··· RECORDED INFORMATION ···

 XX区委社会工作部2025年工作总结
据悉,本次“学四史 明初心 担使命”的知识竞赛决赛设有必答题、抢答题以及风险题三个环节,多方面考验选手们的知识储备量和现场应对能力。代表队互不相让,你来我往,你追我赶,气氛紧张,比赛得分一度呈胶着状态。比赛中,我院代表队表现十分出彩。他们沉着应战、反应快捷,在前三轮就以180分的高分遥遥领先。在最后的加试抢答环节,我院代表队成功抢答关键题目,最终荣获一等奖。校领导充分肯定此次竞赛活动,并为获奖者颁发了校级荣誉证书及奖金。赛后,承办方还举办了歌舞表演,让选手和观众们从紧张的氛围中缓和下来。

···
··· RECORDED INFORMATION ···

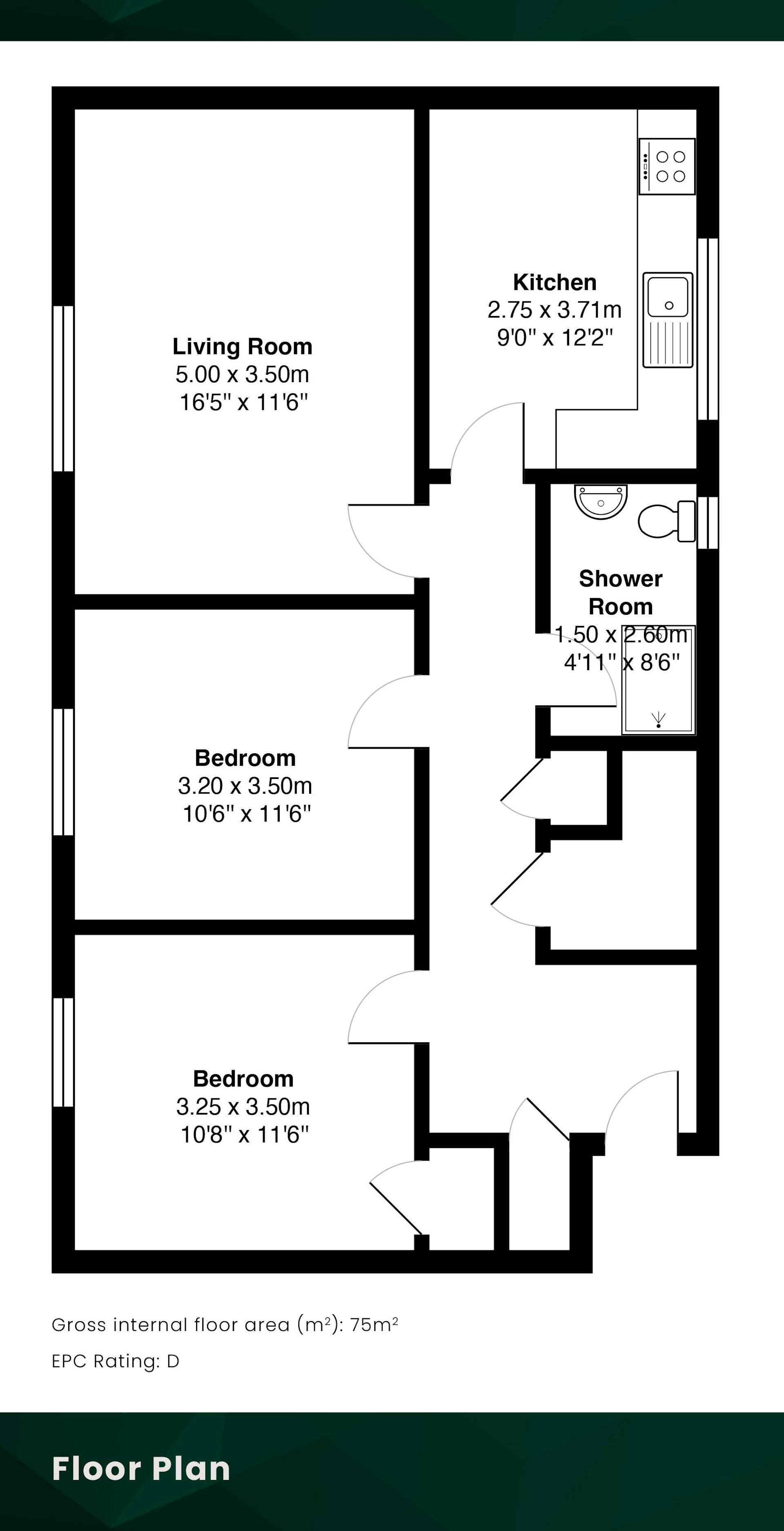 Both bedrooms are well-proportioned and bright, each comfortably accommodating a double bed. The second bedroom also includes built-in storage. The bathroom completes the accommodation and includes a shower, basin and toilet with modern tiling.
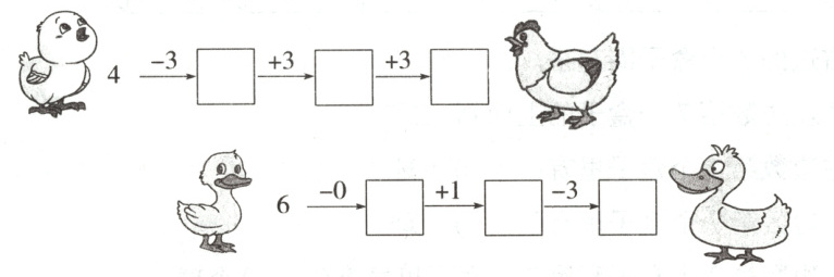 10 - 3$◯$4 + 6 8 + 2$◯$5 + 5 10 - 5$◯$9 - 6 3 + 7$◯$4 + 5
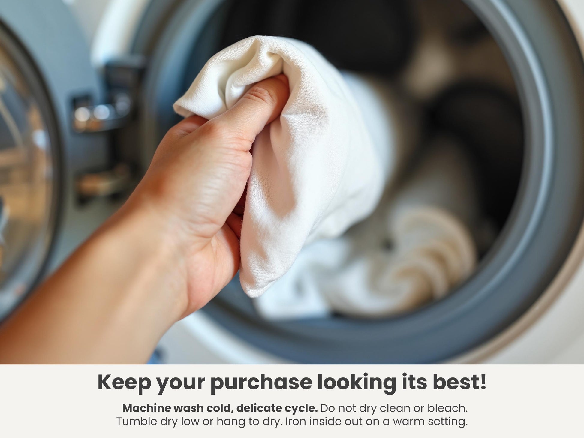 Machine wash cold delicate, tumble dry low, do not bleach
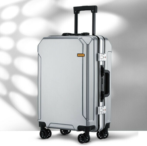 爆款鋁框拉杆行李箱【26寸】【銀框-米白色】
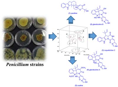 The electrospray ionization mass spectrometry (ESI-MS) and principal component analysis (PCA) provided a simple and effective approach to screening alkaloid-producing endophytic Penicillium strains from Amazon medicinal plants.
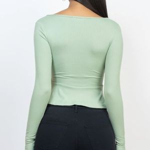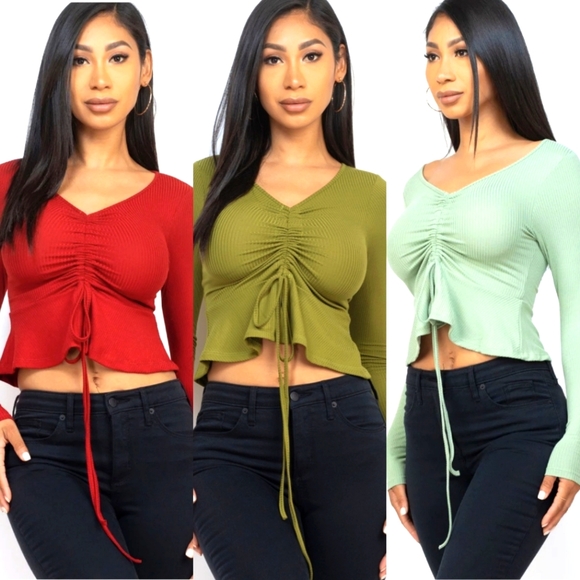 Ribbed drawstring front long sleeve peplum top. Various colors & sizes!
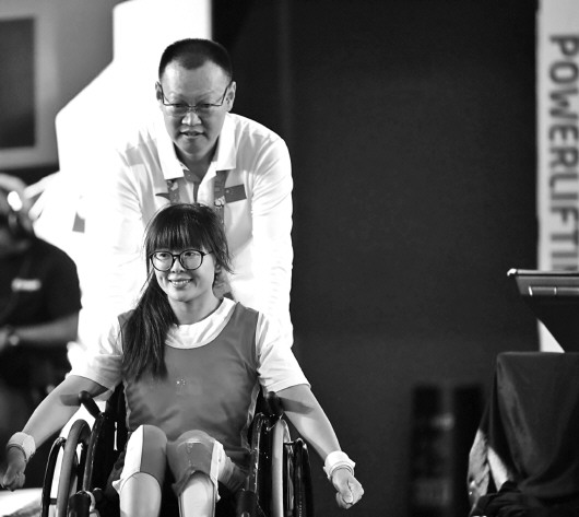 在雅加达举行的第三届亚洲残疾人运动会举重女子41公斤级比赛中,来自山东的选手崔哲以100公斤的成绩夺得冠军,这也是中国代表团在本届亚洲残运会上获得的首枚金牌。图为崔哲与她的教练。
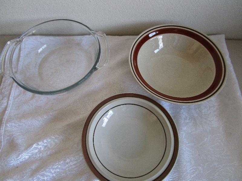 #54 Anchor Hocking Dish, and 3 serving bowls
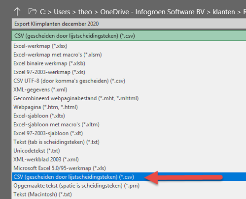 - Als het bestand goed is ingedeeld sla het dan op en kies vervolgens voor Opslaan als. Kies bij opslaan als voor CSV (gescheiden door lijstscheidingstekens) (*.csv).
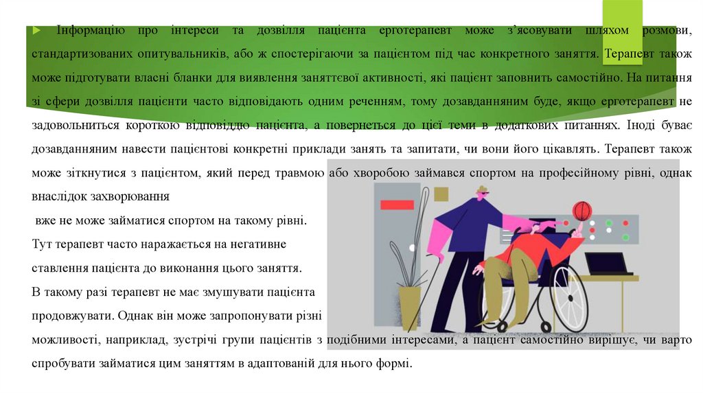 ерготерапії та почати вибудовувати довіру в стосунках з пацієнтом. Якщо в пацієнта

···

AIM OF THE EXERCISE: Within the listing above, extract exactly the lines that run from the one containing "爆款鋁框拉杆行李箱【26寸】【銀框-米白色】" through the one containing "ерготерапії та почати", excluding any pictures.

WRITTEN RESPONSE:
 爆款鋁框拉杆行李箱【26寸】【銀框-米白色】
 The electrospray ionization mass spectrometry (ESI-MS) and principal component analysis (PCA) provided a simple and effective approach to screening alkaloid-producing endophytic Penicillium strains from Amazon medicinal plants.
 Ribbed drawstring front long sleeve peplum top. Various colors & sizes!
 在雅加达举行的第三届亚洲残疾人运动会举重女子41公斤级比赛中,来自山东的选手崔哲以100公斤的成绩夺得冠军,这也是中国代表团在本届亚洲残运会上获得的首枚金牌。图为崔哲与她的教练。
 #54 Anchor Hocking Dish, and 3 serving bowls
 - Als het bestand goed is ingedeeld sla het dan op en kies vervolgens voor Opslaan als. Kies bij opslaan als voor CSV (gescheiden door lijstscheidingstekens) (*.csv).
 ерготерапії та почати вибудовувати довіру в стосунках з пацієнтом. Якщо в пацієнта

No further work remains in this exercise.